Rivlin and his first wife, Sara Tzipa, had their first child, a daughter, in the spring of 1873. That summer, Sara Tzipa was attacked in their Nahalat Shiv'a home by a dagger-wielding Arab; she fought him off and stabbed him to death, but succumbed to shock and died of a heart attack. Their baby daughter later died.

In 1874, Rivlin remarried to Miriam, the daughter of Rabbi Moshe Fizetzer of Brisk. Together they had seven children: Freida Raizel, Rasha Bracha, Hillel, Shlomo Zalman, Avraham Binyamin, Yocheved Shifra, and Rivka Malka. Hillel Rivlin became the secretary of the Central Committee, and was also among the founders of the village of Neve Yaakov. Shlomo Zalman Rivlin, an accomplished Hazzan, headed the Shirat Yisrael Institute and was the author of Shirei Shlomo, hazzanut compositions.

With his third wife, Minna, the daughter of Rabbi Zalman Brill Levi, Rivlin had one son, Moshe, who became a journalist for Der Morgen Journal in New York.

Although he managed huge sums in the development and construction of new neighborhoods, and his critics accused him of profiting from his activities, Rivlin lived a life of penury. Though he moved from house to house, he often had to sell the first house before the next one was built. He left nothing to his children, not even a house, and was unable to pay the doctors who treated him during his final illness. Rivlin died in his home in the Ezrat Yisrael neighborhood on Shabbat, 5 September 1896, at the age of 59. Payment for his medical care, as well as funds to provide for his widow and children after his death, were provided by Baron Shimon Wolf Rothschild of Frankfurt.

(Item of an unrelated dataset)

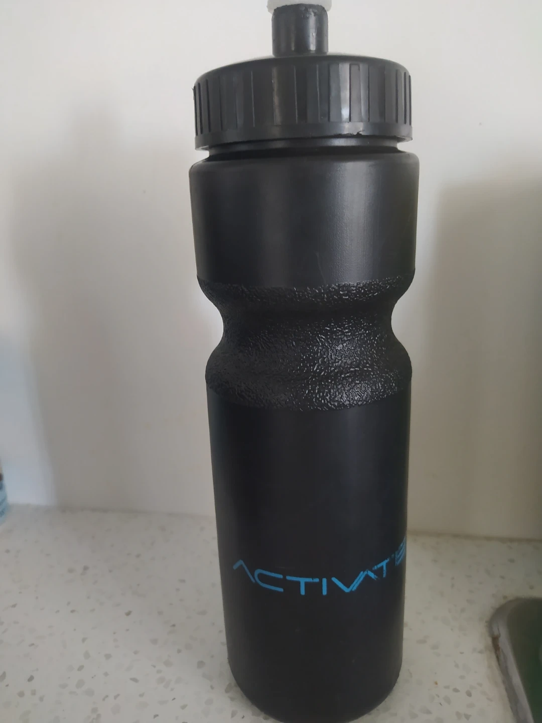 Black plastic water bottle with a screw-on lid and spout. It's embossed with the 'Activate' logo in blue. This bottle is great for staying hydrated during workouts or on the go!

Yosef Rivlin Street in the Nahalat Shiv'a neighborhood is named after him.

==See also==
- Rivlin family

==Sources==
- Eisenberg, Ronald L. (2006). "The streets of Jerusalem: who, what, why"
- Kroyanker, David (1983). "Jerusalem Architecture, Periods and Styles: The Jewish quarters and public buildings outside the Old City walls, 1860–1914"
- Rossoff, Dovid (2004). "Where Heaven Touches Earth: Jewish life in Jerusalem from Medieval times to the present"
- "Yosef Rivlin (R. Yoshea)"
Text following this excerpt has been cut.